2025-11-08 –, Room 301B
Prompt variation isn't just an engineering nuisance, it's a window into fundamental LLM limitations. When a model's accuracy drops from 95% to 75% due to minor rephrasing, we're not just seeing brittleness; we're potentially exposing data contamination, spurious correlations, and shallow pattern matching. This talk explores prompt variation as a powerful diagnostic tool for understanding LLM reliability. We discuss how small changes in format, phrasing, or ordering can cause accuracy to collapse revealing about models memorizing benchmark patterns or learning superficial correlations rather than robust task representations. Drawing from academic and industry research, you will learn to distinguish between LLM's true capability and memorization, identify when models are pattern-matching rather than reasoning, and build evaluation frameworks that expose these vulnerabilities before deployment.
Prompt variation serves as a diagnostic instrument for understanding what models actually know. By systematically changing how we ask questions while preserving their meaning, we can distinguish between three critical phenomena: genuine task understanding, dataset contamination that causes performance to collapse when phrasing changes, and shallow pattern matching that works for specific formats but fails when structure shifts. This distinction fundamentally changes how we interpret benchmark scores and deploy models in production.
This talk explores fundamental questions about LLM evaluation and behavior through the lens of prompt variation:
- What does prompt sensitivity reveal about model understanding?
- Can prompt variation reliably detect data contamination?
- How do different prompt perturbations expose model performance?
Evaluation Framework and Benchmarking. The talk presents practical approaches for implementing variation-based evaluation, sharing methods for generating semantic-preserving perturbations that maintain task intent while varying surface form. We show how to construct contamination-resistant benchmarks that cannot be gamed through memorization, using variation as a built-in defense against dataset leakage.
Prompt variation is not a bug to be fixed but a diagnostic tool that reveals the gap between what models appear to know and what they actually understand. By systematically varying how we interact with models, we can build more reliable AI systems and more honest evaluations of their capabilities. This talk provides a technical roadmap for building and evaluating LLMs that are not only accurate, but reliable, aligned, and production-ready.

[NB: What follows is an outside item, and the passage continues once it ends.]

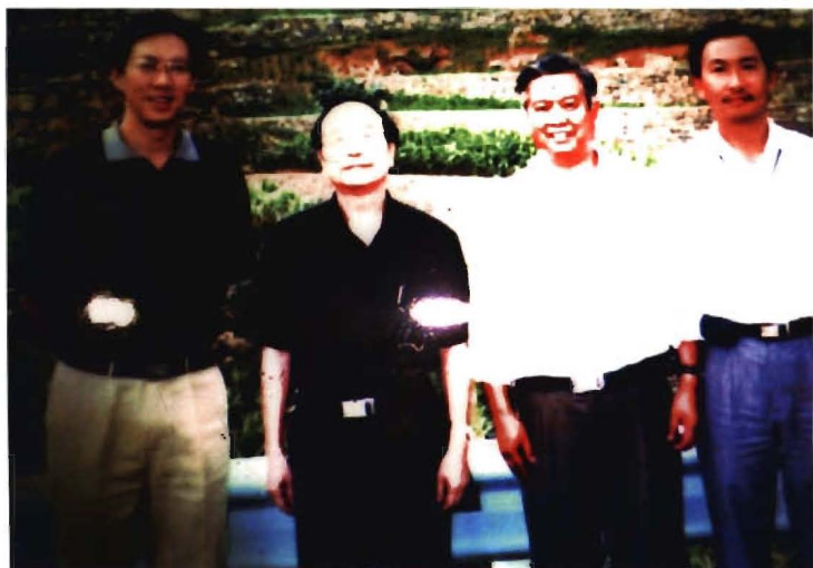
全国人大副委员长蒋正 华(左二)在大方县调研。
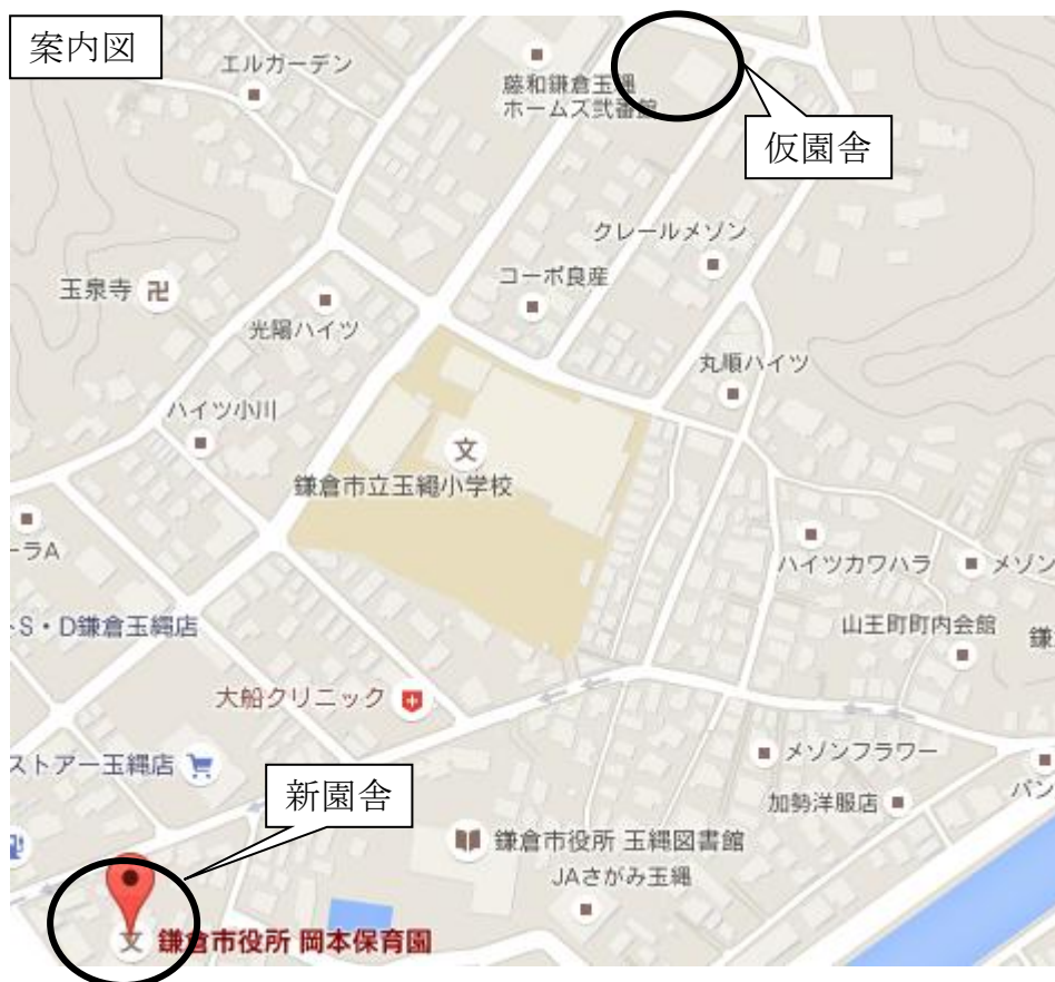
(参考) スケジュール (予定)

鎌倉市立岡本保育園は、平成 24 年度中に行った耐震診断の結果を受けて建替え工事を行っており、たまなわ児童遊園に設置した仮設園舎で運営を行っています。現在は園舎の内装工事を行っており、10 月 1 日に引渡しを受け、引っ越し後 10 月 13 日から保育を行う予定となっています。園舎の建替えに当たっては、定員を現在の 90 人から 10 人増やして 100 人とするほか、強い市民ニーズを受けて一時預かり事業を新たに実施する予定です。

Aziza is an Applied Scientist at Oracle (AI Science) in Generative AI Evaluations specifically working with multi-modal, text and code generation. Previously she worked in Content Moderation, AI safety at Microsoft’s Responsible & OpenAI research team. She is a graduate of a master of science in Artificial Intelligence from Northwestern University. Aziza is interested in developing tools and methods that embed human-like reasoning capabilities into AI systems and applying these technologies to socially-driven tasks. Aziza is based in Seattle and after work, she gets busy training for her next marathon or hiking somewhere around PNW.